Changements dans
l'écriture dramatique d'aujourd'hui
Jean LOUVET
Écrivain
Auteur dramatique
Bien qu'avec
la question nationale belge, le sujet de l'identité ait déjà fait
couler beaucoup d'encre, il me semble que ce sont davantage les
problèmes institutionnels qui ont accaparé notre attention au sein
de ce qu'on appelle la Communauté française de Belgique.
Cela dit, un écrivain
peut mettre (je dirais prudemment: dans une certaine mesure) une distance
d'ordre théorique vis-à-vis de l'écriture sensible qu'il produit. Je ne peux
néanmoins m'empêcher de vous avertir que cette réflexion, en ce qui me concerne,
reste teintée d'un certain empirisme.
Mon propos étant de
parler de quelques changements intervenus dans l'écriture théâtrale - en
particulier, politique - je dirais d'abord que la réflexion esthétique a
traversé à maintes reprises mon travail: ainsi certaines formes de la culture
bourgeoise, abandonnées à certaines couches de la petite bourgeoisie ou du
prolétariat, comme le mélodrame, l'opérette, le théâtre dialectal, le boulevard,
le vaudeville ont fait l'objet d'une réflexion esthétique. Mais je dirais que
cette démarche s'est opérée, dans un premier temps, à l'intérieur même du genre
théâtral: nous avions affaire là à diverses formes d'un même genre obéissant à
des variations idéologico-littéraires de la classe dominante à l'intention des
dominés.
Aujourd'hui, il s'agit
d'autre chose.
La plupart d'entre vous
savent déjà qu'il y a dans l'écriture théâtrale glissement, interpénétration des
genres. Combien de romans n'ont pas fait l'objet d'une adaptation théâtrale? On
a vu récemment un spectacle échafaudé sur des légendes populaires. Une
biographie, tout à coup, est théâtralisable.
Je ne crois pas qu'il
suffise de dresser un inventaire de ces transfuges. Il est peut-être plus
intéressant de se demander pourquoi il y a mélange des genres. Comment
surgissent-ils? Y a-t-il une logique qui sous-entend ces opérations? Est-ce
livré à la fantaisie? Y a-t-il un rapport entre l'Histoire et ce phénomène?
Ce qu'on constate, de
toute évidence, c'est que le théâtre est très poreux au mélange des genres
depuis quelques années. Peut-être est-ce lié à ce qu'on appelle la crise
d'auteurs?
Il n'y a plus d'auteurs,
entend-on. Quand on évoque la crise du roman, datée déjà, il ne manque pas de
romanciers. Je n'entends pas parler de crise de la poésie.
Par contre, du côté des
auteurs dramatiques, il y a raréfaction, voire menace sur l'espèce. Et cette
crise n'est guère salutaire puisque l'espèce même est en voie de disparition.

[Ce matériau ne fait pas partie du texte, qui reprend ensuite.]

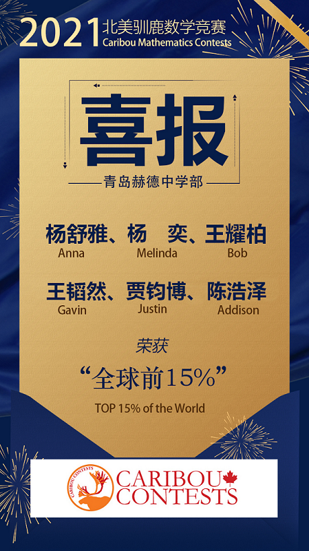 近日,青岛赫德中学部再创佳绩!在刚刚结束的北美驯鹿数学竞赛中,青岛赫德中学部的Cici同学获得了同年级段全球第一名的好成绩。同时,青岛赫德中学部的7名同学进入了全球排名前15%。这是继斩获全美经济学挑战赛大奖、世界学者杯大赛等一系列国际赛事之后,赫德学子再次取得的傲人成绩!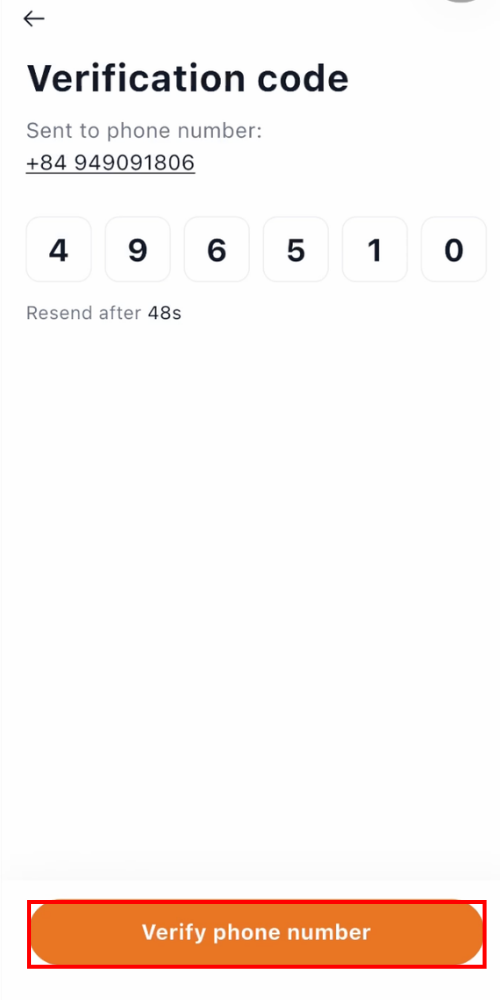 Enter Your OTP Code. Enter the 6-digit verification code into the boxes provided and select “Verify phone number”.

Donc, s'il n'y a plus d'auteurs, il faut bien qu'"on" cherche soi-même. Par
parenthèses, on pourrait s'interroger sur la réalité de cette crise, je dirais
sur la surchauffe de cette crise qu'entretiennent certains à plaisir.
Pour comprendre ce
phénomène, il faut cerner d'un peu plus près l'écriture théâtrale et saisir
qu'elle est tributaire de beaucoup de médiations. Je ne parle pas de la position
particulièrement fragile de l'auteur dramatique dépendant des cabinets
ministériels qui privilégient telle ou telle idéologie, des directeurs de
théâtre, des metteurs en scène, des critiques inféodés à tel journal, des
publics, des acteurs ...
Je veux insister sur la
finalité du texte de théâtre qui est, comme chacun sait: le spectacle.

Jusqu'à la fin du XIXième
siècle, le texte de théâtre est roi, au centre du spectacle. L'auteur est l'âme
du spectacle. Or, précisément dans cette même fin du XIXème, apparaît une
médiation nouvelle, le metteur en scène qui va exercer un rôle hégémonique dans
la production du spectacle. Enchaînons tout de suite sur la prodigieuse
évolution des sciences humaines, je pense à la linguistique, la sémiologie. En
troisième lieu, pointons le choc de ce qu'on appelle la fin des idéologies - qui
affecte particulièrement le théâtre politique - et le retour du sujet, ce qui
nous conduit à évoquer au passage le post-modernisme. Quatrièmement, en quoi
l'écriture théâtrale a-t-elle subi des glissements quand elle a rencontré les
problèmes de la région, de l'identité et, d'une manière plus large, la tension
entre la culture du centre et celle(s) de la périphérie. Enfin, dans le
semi-effondrement du mouvement ouvrier, comment imaginer aujourd'hui la
possibilité d'un théâtre politique et en quoi sa survie impose-t-elle des
glissements dans l'écriture théâtrale?
Le metteur en scène? Fin
XIXème, on l'a dit, il se glisse entre le texte et le spectacle. L'auteur reste
assis à côté du nouveau venu; ils s'entendent bien. En effet, je ne crois pas
qu'en France, en tout cas, le metteur en scène se permette de toucher à l'oeuvre
d'un Giraudoux, d'un Claudel; ceci est moins vrai déjà en Russie ou en Allemagne
où le texte, classique et moderne, commence à reculer. Mais d'une manière
générale, il faut mettre l'accent sur le fait que les metteurs en scène affinent
une écriture scénique: rapport à l'espace, décor, lumière, jeu de l'acteur,
scénographie font des progrès considérables. Mais avec des auteurs à part
entière, même s'ils ne sont plus les maîtres du jeu.
Le décentrement du texte
s'opère après la deuxième guerre mondiale. C'est avec le bond des sciences
humaines que la royauté du metteur en scène s'accomplit. Rappelons-nous de
Saussure: la linguistique fait partie d'une science plus vaste, la science des
signes. De Peirce à Eco en passant par Barthes, les sciences humaines apportent
à la pratique théâtrale une série de disciplines qui vont nourrir l'écriture
scénique et éclairer toute la part des éléments non verbaux. C'est une véritable
révolution. Le texte recule et l'auteur, forcément. Plus personne au centre?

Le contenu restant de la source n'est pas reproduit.